Microsoft has no more tricks up their sleeve. It's sad, really, because the system -- the hardware -- does have potential. But without any real compelling software on the horizon, their momentum is slowing rapidly.

Gears 2 and the few RPG's they've got lined up aren't enough to keep them afloat through the last leg of the current gen's hardware cycle. Banjo is already looking grim, with lots of members of the enthusiast press equating it to a gimmick game that could have very well been called "Build this thing and drive it;" the brand has been all but forgotten about with the new premise. Halo Wars has been delayed, yet again, and even still, it's an RTS -- still considerably niche where consoles are concerned. 

What they're going to be forced to do is release their next-gen hardware even earlier in order to generate interest again. In turn this means they'll be shelling out more money to put first and second-party titles in the pipe. Eventually they're either going to have to innovate in the face of criticism (as Sony did with the PS3) and take some chances, or they're going to find themselves in a very precarious position.

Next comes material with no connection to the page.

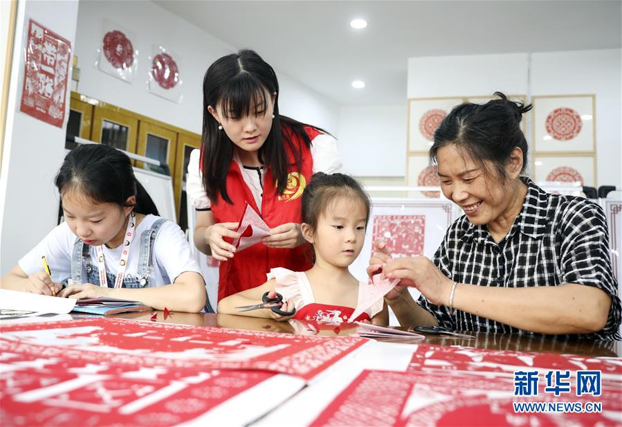 8月14日,在杭州市桐庐县桐君街道圆通社区,来自桐庐君山红剪纸社的志愿者在指导孩子们剪纸。 暑假期间,各地的孩子们通过丰富多彩的活动乐享假期、充实生活。 新华社发(徐军勇 摄)

And Cayal is 100% correct. If there's a problem, Microsoft throws money at it and expects it to fix itself. What they don't do is approach that problem constructively...and it's beginning to show.


----------



## Armadillo-002 (Jun 16, 2008)

CM & Cayal you both have a strong point, Microsoft will and always will be throwing money and hope it will fix itself. Because of Microsoft's position as a major conglamorate that rivals only to that of Sony in the gaming industry (Nintendo is a major player in the gaming world, but it's finances are nowhere as big as Sony & Micorosoft). When the XBOX 360 came out they did not take note what made the original XBOX a success and ended up makiing a failure of the XBOX 360. Remember Microsoft are not a hardware developer but a software developer, while Sony, not so much as a software developer but a major hardware developer, thanks to it's open license and not so complicated platform to develop on, while Microsoft platform is a little bit more complicated to develop on I think. But your right CM the XBOX has a lot of potential.


----------



## Armadillo-002 (Jun 16, 2008)

Aes, Microsoft do make quality hardware, though because it has the "Microsoft brand" and has no style compared to Sony's hardware and style. Most people do not want a brick next to their TV's. Hence the style change of the XBOX 360 to the original XBOX.


----------



## Cayal (Jun 19, 2008)

There's rumour going around Microsoft tossed a lot of money at Capcom for a timed exclusive Resident Evil 5 (though I don't think it is true considering it won't make them money).

It's the rumoured big announcement at E3 this year by Capcom.


----------



## Cayal (Jun 19, 2008)

^ Rumour has been debunked by a Capcom employee


----------